BEGIN

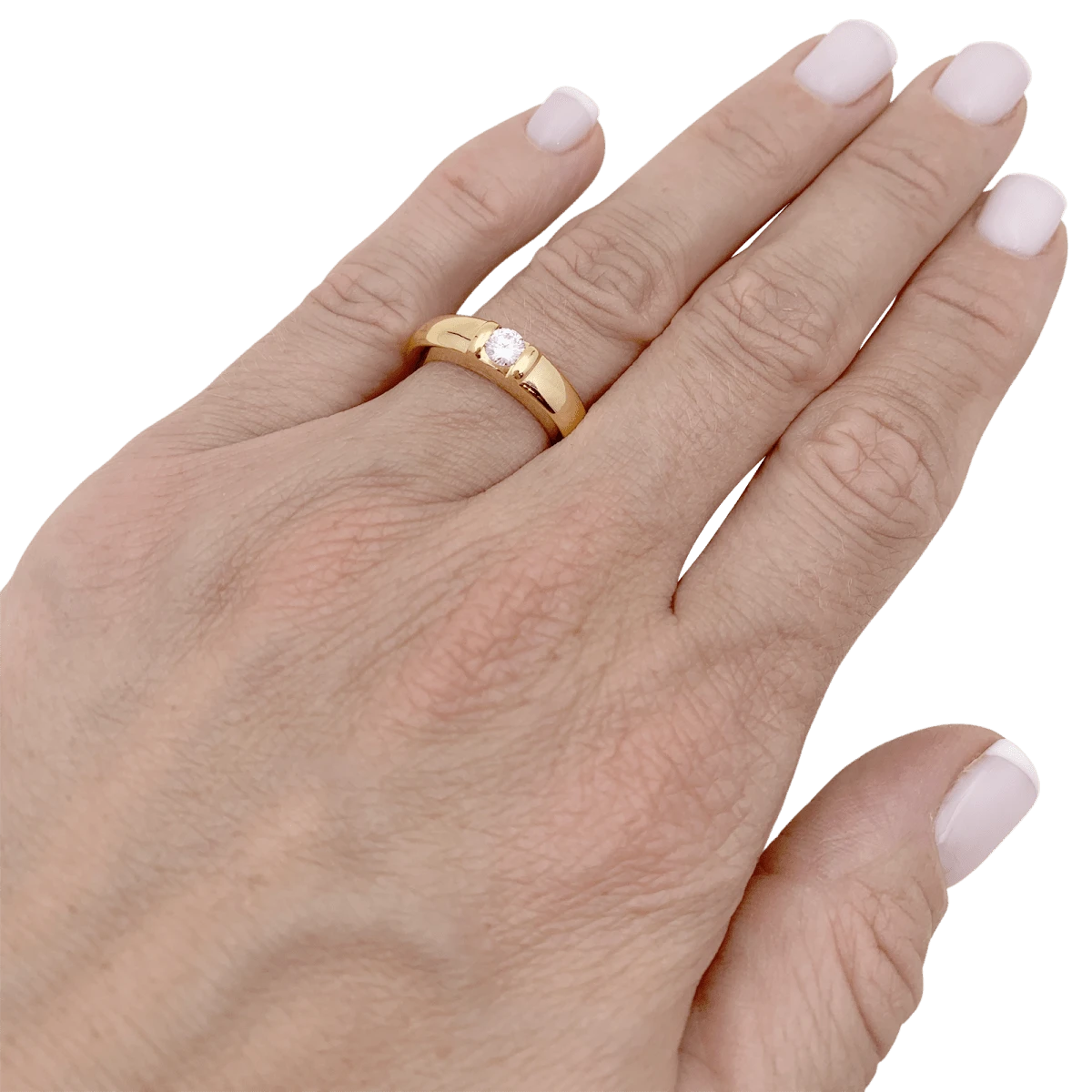 Bague Jonc CHAUMET modèle « Gioia » en or jaune 18 carat serti d’un diamant taille brillant
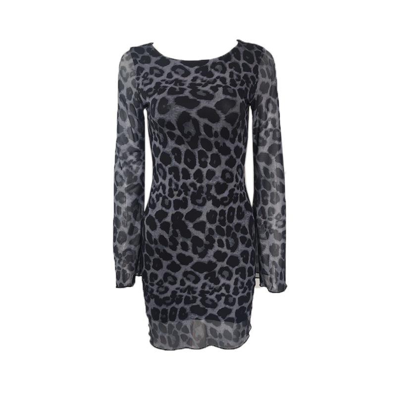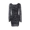 Wind new women's clothing round neck hip wrap short skirt leopard print wooden ear edge horn long sleeve wholesale sexy
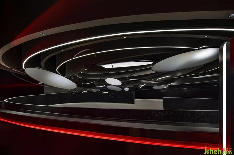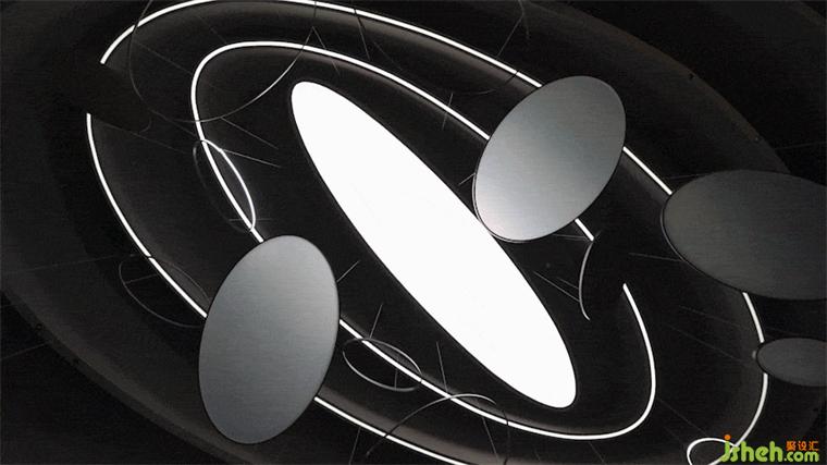 在步入二樓后,電影院設計這段圍繞天體運動的“環(huán)形公路”則試圖在回應這個哲學問題,我們該去向何處?
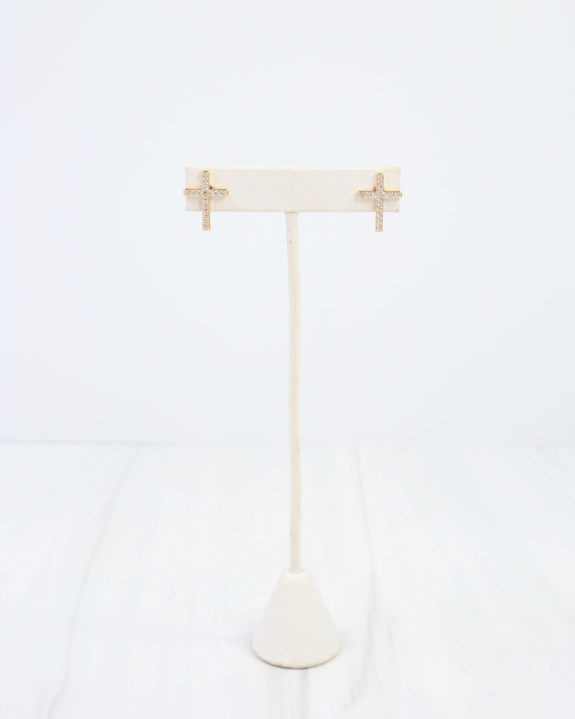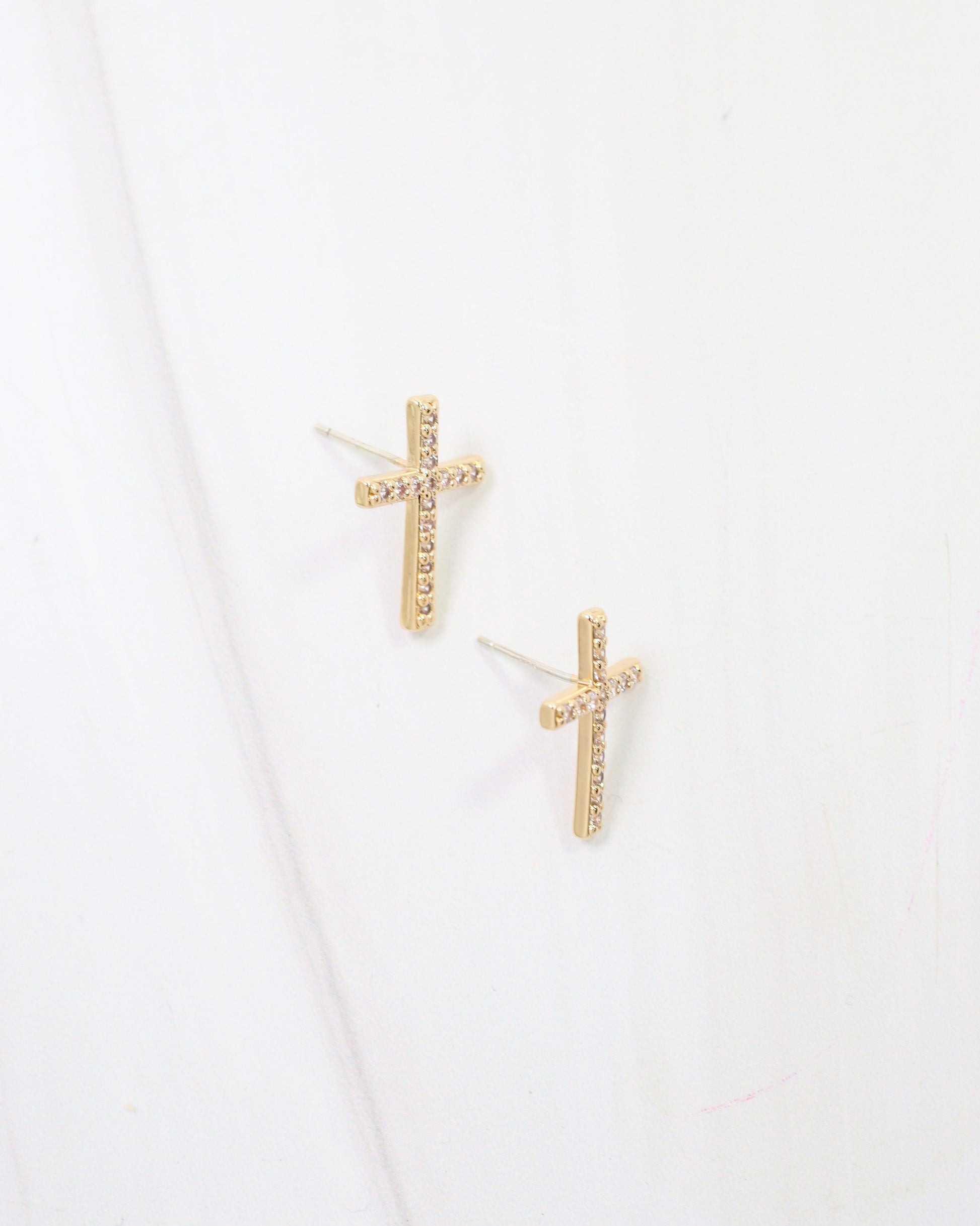 Shine with purpose in the Ferguson Rhinestone Cross Post Earrings in gold. These stunning studs feature sparkling rhinestones arranged in a cross design that catches light beautifully. Perfect for adding glamorous detail to your everyday look or making a bold statement at special events, these earrings combine spiritual symbolism with undeniable sparkle and style.

END

Work item: Where a picture appears in the material above, skip it, and print the rest exactly.

Exercise response:
 Bague Jonc CHAUMET modèle « Gioia » en or jaune 18 carat serti d’un diamant taille brillant
 Wind new women's clothing round neck hip wrap short skirt leopard print wooden ear edge horn long sleeve wholesale sexy
 在步入二樓后,電影院設計這段圍繞天體運動的“環(huán)形公路”則試圖在回應這個哲學問題,我們該去向何處?
 Shine with purpose in the Ferguson Rhinestone Cross Post Earrings in gold. These stunning studs feature sparkling rhinestones arranged in a cross design that catches light beautifully. Perfect for adding glamorous detail to your everyday look or making a bold statement at special events, these earrings combine spiritual symbolism with undeniable sparkle and style.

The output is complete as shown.